--- DATA EXCERPT ---

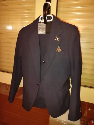 Elegante traje de hombre con corte slim fit, perfecto para ocasiones especiales. Totalmente nuevo sin usar, se vende por tallaje equivocado. Cuenta con pañuelo y broche. COLOR AZUL OSCURO Hago envíos. -Pantalón - Chaqueta de un botón. - Chaleco a juego. - Solapa de muesca.
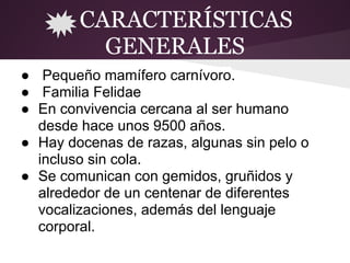 Este documento describe las características generales de los gatos y presenta información sobre cuatro razas específicas: Bombay, Abisinio, Angora Turco y Azul Ruso. Describe sus orígenes, características físicas y de personalidad.
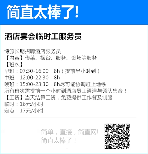 【报名】福田张三25岁175有健康证(短期/周末/长期)

---

| YOUR GOAL |
Pictures stay out. Copy exactly, and only, the lines from the one containing "Este documento describe" through the end of the data.

| FINAL ANSWER |
 Este documento describe las características generales de los gatos y presenta información sobre cuatro razas específicas: Bombay, Abisinio, Angora Turco y Azul Ruso. Describe sus orígenes, características físicas y de personalidad.
 【报名】福田张三25岁175有健康证(短期/周末/长期)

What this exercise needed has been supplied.